Recommended citation: Peng, Pai, Lidan Shou, Ke Chen, Gang Chen, and Sai Wu. "KISS: Knowing Camera Prototype System for Recognizing and Annotating Places-of-Interest." IEEE Transactions on Knowledge and Data Engineering 28, no. 4 (2016): 994-1006.

## The knowing camera 2: recognizing and annotating places-of-interest in smartphone photos.

Published in SIGIR, 2014

This paper presents a project called Knowing Camera for real-time recognizing and annotating places-of-interest(POI) in smartphone photos, with the availability of online geotagged images of such places. We propose a`“Spatial+Visual” (S+V) framework which consists of a probabilistic field-of-view model in the spatial phase and sparse coding similarity metric in the visual phase to recognize phone-captured POIs. Moreover, we put forward an offline Collaborative Salient Area (COSTAR) mining algorithm to detect common visual features (called Costars) among the noisy photos geotagged on each POI, thus to clean the geotagged image database. The mining result can be utilized to annotate the region-of-interest on the query image during the online query processing. Besides, this mining procedure further improves the efficiency and accuracy of the S+V framework. Our experiments in the real-world and Oxford 5K datasets show promising recognition and annotation performances of the proposed approach, and that the proposed COSTAR mining technique outperforms state-of-the-art approach.

Recommended citation: Peng, Pai, Lidan Shou, Ke Chen, Gang Chen, and Sai Wu. "The knowing camera 2: recognizing and annotating places-of-interest in smartphone photos." In Proceedings of the 37th international ACM SIGIR conference on Research & development in information retrieval, pp. 707-716. ACM, 2014.

## The Knowing Camera: Recognizing Places-of-Interest in Smartphone Photos.

Published in SIGIR, 2013

This paper presents a framework called Knowing Camera for real-time recognizing places-of-interest in smartphone photos, with the availability of online geotagged images of such places.

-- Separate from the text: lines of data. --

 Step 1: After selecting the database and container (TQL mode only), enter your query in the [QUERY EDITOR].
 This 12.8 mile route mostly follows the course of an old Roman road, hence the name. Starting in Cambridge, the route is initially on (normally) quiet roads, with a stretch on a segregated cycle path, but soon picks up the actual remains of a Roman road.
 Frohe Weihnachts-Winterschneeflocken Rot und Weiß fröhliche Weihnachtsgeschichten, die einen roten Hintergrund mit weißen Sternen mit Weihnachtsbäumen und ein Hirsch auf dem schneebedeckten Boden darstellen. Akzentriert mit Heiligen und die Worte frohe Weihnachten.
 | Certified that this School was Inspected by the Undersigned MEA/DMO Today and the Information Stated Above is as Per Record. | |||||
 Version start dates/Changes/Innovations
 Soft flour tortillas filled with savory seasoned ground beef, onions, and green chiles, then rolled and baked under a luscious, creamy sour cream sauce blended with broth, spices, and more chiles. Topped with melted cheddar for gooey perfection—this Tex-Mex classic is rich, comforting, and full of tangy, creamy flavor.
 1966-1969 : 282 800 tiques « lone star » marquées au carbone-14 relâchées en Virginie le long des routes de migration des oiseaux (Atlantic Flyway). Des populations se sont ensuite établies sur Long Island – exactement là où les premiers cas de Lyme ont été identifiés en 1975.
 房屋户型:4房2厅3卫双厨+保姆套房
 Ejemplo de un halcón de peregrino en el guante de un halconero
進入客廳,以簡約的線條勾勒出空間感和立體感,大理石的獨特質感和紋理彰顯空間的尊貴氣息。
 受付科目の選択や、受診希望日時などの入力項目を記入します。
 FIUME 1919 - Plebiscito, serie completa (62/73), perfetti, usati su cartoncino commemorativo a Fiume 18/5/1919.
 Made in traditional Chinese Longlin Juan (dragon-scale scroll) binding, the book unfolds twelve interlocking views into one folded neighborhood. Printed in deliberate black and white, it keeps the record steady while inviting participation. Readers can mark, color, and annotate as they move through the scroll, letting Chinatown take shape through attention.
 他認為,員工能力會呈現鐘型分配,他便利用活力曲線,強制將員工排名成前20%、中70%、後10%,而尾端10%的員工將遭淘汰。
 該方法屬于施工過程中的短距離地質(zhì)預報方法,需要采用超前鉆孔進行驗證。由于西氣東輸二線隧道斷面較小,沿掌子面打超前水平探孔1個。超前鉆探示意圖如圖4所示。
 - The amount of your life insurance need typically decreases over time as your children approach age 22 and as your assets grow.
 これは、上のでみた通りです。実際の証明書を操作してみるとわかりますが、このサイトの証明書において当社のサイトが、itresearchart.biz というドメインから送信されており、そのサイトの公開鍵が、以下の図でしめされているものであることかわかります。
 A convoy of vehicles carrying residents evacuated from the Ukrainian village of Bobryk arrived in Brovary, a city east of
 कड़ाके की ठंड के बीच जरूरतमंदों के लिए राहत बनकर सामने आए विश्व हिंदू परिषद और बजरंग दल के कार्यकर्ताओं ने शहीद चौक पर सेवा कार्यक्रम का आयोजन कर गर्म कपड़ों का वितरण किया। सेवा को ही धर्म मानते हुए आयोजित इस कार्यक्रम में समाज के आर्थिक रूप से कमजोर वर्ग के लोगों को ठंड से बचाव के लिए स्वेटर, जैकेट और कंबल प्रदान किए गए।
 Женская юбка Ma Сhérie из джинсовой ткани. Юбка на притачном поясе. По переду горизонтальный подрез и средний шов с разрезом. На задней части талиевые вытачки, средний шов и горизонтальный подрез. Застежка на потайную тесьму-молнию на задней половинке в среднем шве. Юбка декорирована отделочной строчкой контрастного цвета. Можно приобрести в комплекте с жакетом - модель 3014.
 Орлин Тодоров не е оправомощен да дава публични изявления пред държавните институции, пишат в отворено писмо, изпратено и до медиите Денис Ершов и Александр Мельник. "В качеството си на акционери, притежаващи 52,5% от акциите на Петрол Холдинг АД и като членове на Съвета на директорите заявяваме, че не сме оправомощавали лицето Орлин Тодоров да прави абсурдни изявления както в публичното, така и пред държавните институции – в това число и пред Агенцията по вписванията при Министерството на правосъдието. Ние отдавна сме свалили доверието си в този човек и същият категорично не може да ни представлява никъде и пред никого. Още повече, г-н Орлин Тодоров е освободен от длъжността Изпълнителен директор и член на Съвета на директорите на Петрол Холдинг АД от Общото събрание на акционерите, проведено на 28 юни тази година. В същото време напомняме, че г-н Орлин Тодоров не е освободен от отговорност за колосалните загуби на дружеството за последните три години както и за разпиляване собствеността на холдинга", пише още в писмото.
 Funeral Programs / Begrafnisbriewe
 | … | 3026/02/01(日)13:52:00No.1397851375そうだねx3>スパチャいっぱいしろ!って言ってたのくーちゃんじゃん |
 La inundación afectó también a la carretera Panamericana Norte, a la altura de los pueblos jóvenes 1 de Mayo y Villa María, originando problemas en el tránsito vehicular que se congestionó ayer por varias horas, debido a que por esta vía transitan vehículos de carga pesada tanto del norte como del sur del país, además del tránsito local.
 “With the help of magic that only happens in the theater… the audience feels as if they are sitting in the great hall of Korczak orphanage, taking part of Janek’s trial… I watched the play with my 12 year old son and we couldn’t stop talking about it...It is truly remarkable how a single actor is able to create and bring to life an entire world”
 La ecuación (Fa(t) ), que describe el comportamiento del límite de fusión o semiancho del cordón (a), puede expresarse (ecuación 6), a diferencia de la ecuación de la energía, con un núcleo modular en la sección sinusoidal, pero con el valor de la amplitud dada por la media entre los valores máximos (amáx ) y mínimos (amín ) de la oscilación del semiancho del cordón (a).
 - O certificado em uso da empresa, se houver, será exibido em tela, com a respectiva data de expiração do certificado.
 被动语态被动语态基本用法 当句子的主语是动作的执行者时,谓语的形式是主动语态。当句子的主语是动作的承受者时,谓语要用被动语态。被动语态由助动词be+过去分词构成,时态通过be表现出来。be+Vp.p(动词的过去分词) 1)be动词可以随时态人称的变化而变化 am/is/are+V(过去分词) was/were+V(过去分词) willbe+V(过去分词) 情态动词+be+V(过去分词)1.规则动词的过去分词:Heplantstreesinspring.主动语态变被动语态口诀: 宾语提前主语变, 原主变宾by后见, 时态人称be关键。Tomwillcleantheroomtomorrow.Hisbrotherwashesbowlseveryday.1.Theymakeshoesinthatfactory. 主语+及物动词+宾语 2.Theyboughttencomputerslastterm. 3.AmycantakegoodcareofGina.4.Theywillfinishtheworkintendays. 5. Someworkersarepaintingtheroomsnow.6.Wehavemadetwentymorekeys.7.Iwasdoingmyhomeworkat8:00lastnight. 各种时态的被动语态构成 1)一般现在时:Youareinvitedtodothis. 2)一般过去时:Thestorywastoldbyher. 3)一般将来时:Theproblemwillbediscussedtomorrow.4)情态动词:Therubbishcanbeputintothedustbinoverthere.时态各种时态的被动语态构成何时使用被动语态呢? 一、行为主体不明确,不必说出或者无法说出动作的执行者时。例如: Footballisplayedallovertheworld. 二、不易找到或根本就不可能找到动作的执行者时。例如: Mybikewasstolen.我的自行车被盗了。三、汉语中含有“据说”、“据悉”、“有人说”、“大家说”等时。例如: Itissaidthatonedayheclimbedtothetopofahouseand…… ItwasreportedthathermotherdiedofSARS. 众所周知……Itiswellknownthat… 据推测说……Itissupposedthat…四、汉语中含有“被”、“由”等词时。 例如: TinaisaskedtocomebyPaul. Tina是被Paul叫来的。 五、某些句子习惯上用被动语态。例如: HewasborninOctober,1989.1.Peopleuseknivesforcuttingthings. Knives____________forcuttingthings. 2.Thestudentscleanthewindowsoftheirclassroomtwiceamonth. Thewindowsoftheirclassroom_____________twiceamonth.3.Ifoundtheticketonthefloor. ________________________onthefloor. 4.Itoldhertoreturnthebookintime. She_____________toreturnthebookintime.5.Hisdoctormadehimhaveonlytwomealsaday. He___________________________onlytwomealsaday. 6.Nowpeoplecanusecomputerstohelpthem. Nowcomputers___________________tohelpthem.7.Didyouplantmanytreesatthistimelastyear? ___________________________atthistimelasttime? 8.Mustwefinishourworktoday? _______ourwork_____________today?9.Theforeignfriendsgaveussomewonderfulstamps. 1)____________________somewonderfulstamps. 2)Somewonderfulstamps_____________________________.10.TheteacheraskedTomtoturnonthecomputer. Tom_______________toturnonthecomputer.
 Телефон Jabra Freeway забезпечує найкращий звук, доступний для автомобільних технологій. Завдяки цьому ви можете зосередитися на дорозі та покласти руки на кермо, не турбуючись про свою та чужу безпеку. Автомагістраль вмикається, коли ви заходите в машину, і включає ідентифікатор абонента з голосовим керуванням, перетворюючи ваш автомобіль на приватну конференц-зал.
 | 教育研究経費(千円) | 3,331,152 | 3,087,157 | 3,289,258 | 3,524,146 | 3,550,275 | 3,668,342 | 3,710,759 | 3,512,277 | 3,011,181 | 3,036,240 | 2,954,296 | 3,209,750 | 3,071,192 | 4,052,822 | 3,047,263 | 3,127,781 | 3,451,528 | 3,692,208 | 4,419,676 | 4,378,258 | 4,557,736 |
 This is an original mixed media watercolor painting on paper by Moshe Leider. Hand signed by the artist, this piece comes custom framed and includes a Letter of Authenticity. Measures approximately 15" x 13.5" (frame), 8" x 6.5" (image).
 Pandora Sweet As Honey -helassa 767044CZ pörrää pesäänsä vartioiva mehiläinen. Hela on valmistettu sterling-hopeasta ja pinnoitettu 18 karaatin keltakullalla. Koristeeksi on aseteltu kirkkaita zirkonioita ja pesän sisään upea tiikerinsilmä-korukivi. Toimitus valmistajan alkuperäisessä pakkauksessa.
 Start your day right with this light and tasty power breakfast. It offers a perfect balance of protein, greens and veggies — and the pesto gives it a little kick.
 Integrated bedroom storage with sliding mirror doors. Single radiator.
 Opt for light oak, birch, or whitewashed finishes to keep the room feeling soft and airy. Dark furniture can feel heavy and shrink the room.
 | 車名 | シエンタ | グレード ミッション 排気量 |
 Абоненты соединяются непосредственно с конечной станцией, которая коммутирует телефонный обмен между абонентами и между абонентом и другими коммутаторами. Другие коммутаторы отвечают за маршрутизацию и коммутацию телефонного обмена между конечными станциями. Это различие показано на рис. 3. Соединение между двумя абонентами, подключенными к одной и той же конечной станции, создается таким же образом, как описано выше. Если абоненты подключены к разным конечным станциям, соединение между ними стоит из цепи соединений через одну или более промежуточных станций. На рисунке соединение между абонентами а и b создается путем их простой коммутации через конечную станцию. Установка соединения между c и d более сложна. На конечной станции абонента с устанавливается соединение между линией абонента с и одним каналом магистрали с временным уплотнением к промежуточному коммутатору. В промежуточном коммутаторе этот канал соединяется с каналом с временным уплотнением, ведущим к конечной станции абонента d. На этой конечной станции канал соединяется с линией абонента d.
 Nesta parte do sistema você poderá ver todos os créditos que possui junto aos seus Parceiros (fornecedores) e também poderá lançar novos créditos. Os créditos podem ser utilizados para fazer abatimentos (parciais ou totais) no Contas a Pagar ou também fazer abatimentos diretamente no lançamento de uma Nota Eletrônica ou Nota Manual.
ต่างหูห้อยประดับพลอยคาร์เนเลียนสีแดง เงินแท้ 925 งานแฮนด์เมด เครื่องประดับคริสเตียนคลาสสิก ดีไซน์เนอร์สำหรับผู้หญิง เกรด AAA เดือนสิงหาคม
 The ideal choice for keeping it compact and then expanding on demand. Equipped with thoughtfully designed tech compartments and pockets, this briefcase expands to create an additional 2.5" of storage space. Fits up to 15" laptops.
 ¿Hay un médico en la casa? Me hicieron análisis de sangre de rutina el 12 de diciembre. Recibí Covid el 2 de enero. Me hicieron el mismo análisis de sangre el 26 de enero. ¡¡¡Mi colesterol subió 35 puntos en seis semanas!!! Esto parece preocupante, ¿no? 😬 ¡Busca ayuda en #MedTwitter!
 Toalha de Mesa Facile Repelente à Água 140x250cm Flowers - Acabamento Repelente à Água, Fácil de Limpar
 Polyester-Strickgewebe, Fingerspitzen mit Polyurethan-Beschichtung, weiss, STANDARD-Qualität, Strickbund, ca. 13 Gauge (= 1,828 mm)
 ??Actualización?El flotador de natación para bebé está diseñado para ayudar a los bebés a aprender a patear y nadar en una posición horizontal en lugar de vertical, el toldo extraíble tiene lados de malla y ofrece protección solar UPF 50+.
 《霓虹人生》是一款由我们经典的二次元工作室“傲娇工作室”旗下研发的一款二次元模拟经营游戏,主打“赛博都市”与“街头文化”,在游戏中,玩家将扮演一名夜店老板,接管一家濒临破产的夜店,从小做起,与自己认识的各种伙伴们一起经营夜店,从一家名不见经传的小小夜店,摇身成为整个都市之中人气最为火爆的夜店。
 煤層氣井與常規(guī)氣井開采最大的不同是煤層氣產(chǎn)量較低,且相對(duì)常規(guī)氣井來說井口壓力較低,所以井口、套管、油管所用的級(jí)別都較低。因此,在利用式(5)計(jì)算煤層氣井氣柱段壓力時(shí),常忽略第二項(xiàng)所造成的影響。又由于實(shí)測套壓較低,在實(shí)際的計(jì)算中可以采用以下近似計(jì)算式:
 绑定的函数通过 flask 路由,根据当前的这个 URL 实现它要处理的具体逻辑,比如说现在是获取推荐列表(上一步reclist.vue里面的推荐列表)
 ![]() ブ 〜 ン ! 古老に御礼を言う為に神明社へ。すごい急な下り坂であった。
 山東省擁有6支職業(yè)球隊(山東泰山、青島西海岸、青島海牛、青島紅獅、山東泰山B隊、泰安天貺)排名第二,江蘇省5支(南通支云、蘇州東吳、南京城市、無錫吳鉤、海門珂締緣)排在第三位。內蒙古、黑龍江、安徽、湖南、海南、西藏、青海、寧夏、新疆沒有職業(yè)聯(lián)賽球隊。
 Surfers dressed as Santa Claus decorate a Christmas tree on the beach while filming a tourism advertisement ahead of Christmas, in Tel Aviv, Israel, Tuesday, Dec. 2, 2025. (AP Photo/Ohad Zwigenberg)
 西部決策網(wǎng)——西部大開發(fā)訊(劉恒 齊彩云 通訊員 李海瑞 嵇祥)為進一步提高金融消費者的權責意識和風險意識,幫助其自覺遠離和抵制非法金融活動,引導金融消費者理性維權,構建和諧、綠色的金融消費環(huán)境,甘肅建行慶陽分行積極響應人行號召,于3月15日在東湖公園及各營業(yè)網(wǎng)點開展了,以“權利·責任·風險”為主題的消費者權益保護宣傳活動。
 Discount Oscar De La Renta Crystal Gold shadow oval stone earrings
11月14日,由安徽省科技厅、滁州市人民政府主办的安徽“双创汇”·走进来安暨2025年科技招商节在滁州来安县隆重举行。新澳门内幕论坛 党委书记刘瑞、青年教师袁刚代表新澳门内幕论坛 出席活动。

We propose a probabilistic field-of-view model which captures the uncertainty in camera sensor data. This model can be used to retrieve a set of candidate images. The visual similarity computation of the candidate images relies on the sparse coding technique. We also propose an ANN filtering technique to speedup the sparse coding. The final ranking combines an uncertain geometric relevance with the visual similarity. Our preliminary experiments conducted in an urban area of a large city show promising results. The most distinguishing feature of our framework is its ability to perform well in contaminated, real-world online image database. Besides, our framework is highly scalable as it does not incur any complex data structure.

Recommended citation: Peng, Pai, Lidan Shou, Ke Chen, Gang Chen, and Sai Wu. "The knowing camera: recognizing places-of-interest in smartphone photos." In Proceedings of the 36th international ACM SIGIR conference on Research and development in information retrieval, pp. 969-972. ACM, 2013.